In deze uitspraak van de Rechtbank Den Haag, gedaan op 30 augustus 2024, worden de beroepen van eisers, een Algerijns gezin, tegen het niet in behandeling nemen van hun asielaanvragen beoordeeld. De minister van Asiel en Migratie heeft de aanvragen afgewezen op basis van de Dublinverordening, die bepaalt dat Frankrijk verantwoordelijk is voor de behandeling van de aanvragen. De rechtbank heeft de beroepen, samen met verzoeken om voorlopige voorzieningen, op 23 augustus 2024 behandeld.

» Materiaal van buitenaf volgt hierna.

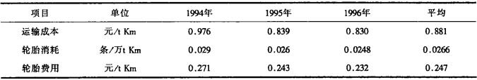 | 表 3 歷年電動輪汽車運輸成本和輪胎消耗 |

De rechtbank concludeert dat de minister terecht heeft besloten de aanvragen niet in behandeling te nemen, omdat Frankrijk als verantwoordelijke lidstaat is aangewezen. Eisers hebben aangevoerd dat de belangen van hun minderjarige kinderen onvoldoende zijn meegewogen in de besluitvorming. De rechtbank oordeelt echter dat de minister in zijn besluiten voldoende rekening heeft gehouden met het welzijn en de sociale ontwikkeling van de kinderen, met name de medische situatie van de jongste dochter, die een ernstige oogafwijking heeft.
De rechtbank wijst erop dat de minister niet verplicht is om de aanvragen zelf te behandelen, maar dat hij wel de bevoegdheid heeft om dit te doen indien er bijzondere omstandigheden zijn. De rechtbank stelt vast dat de minister in dit geval zijn beleid correct heeft toegepast en dat de belangen van de kinderen niet zijn miskend. De rechtbank verklaart de beroepen ongegrond, wat betekent dat de asielaanvragen van eisers terecht niet in behandeling zijn genomen. De eisers krijgen geen proceskostenvergoeding.